» RECORDED DATA:
= = = = = = =
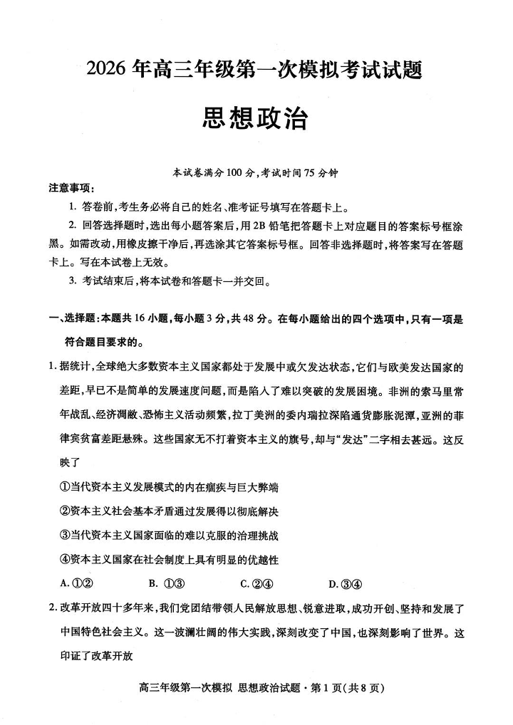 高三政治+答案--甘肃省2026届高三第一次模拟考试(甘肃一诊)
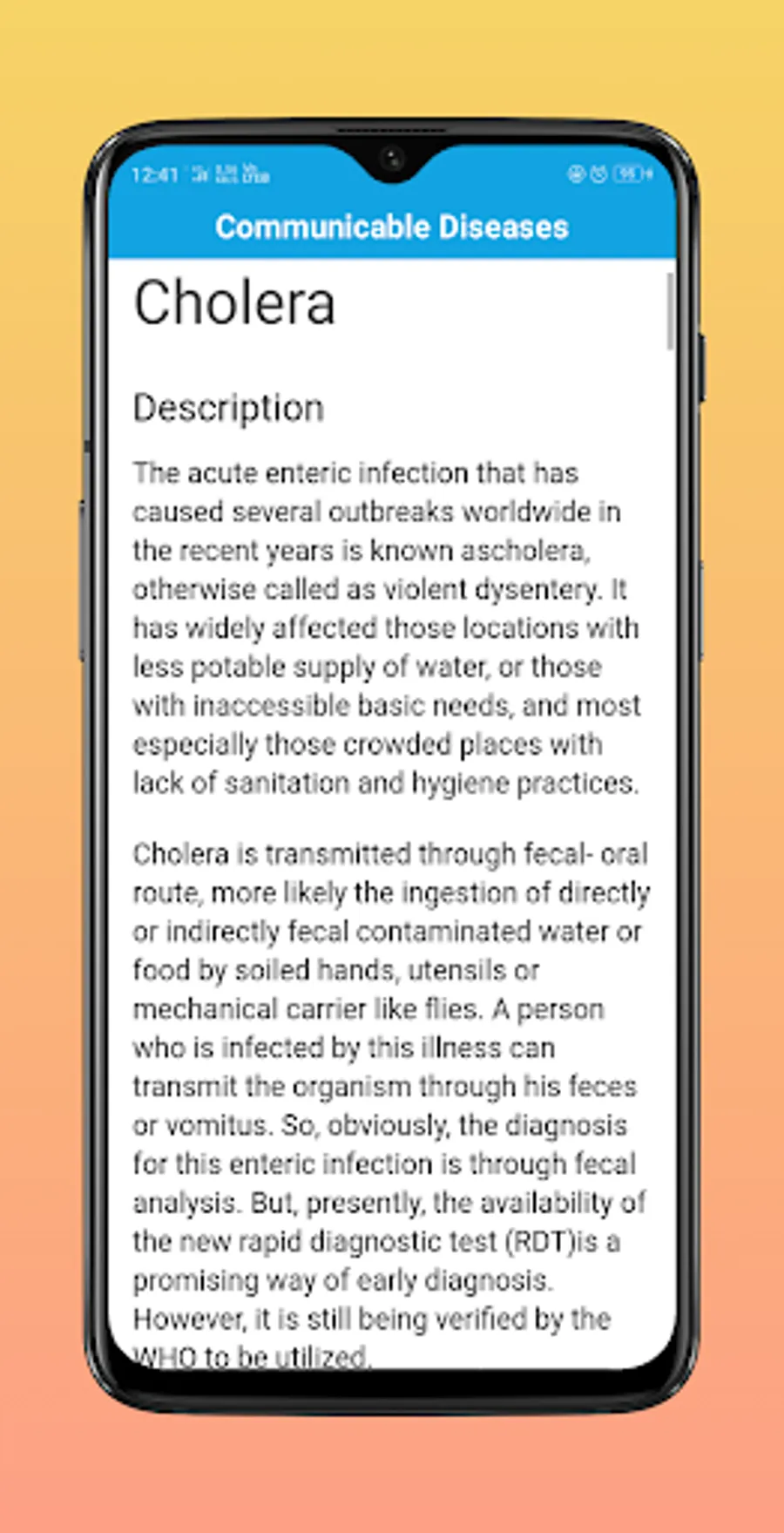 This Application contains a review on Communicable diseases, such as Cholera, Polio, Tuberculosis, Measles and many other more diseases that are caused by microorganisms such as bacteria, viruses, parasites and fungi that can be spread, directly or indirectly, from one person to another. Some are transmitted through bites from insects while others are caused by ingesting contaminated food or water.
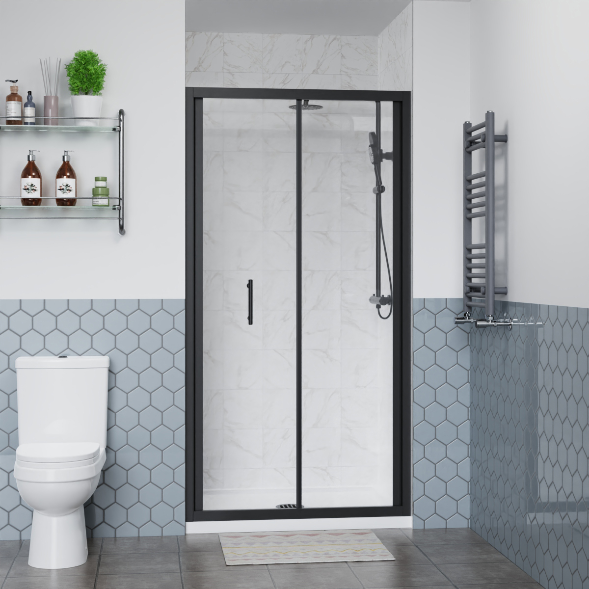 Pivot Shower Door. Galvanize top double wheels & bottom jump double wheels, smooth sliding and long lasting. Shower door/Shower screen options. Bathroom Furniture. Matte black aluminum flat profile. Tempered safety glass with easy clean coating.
= = = = = = =
» EXERCISE:
What is needed is the exact run of lines from the start of the data through the line with "This Application contains", both ends included, minus the pictures.

» SOLVED EXERCISE:
 高三政治+答案--甘肃省2026届高三第一次模拟考试(甘肃一诊)
 This Application contains a review on Communicable diseases, such as Cholera, Polio, Tuberculosis, Measles and many other more diseases that are caused by microorganisms such as bacteria, viruses, parasites and fungi that can be spread, directly or indirectly, from one person to another. Some are transmitted through bites from insects while others are caused by ingesting contaminated food or water.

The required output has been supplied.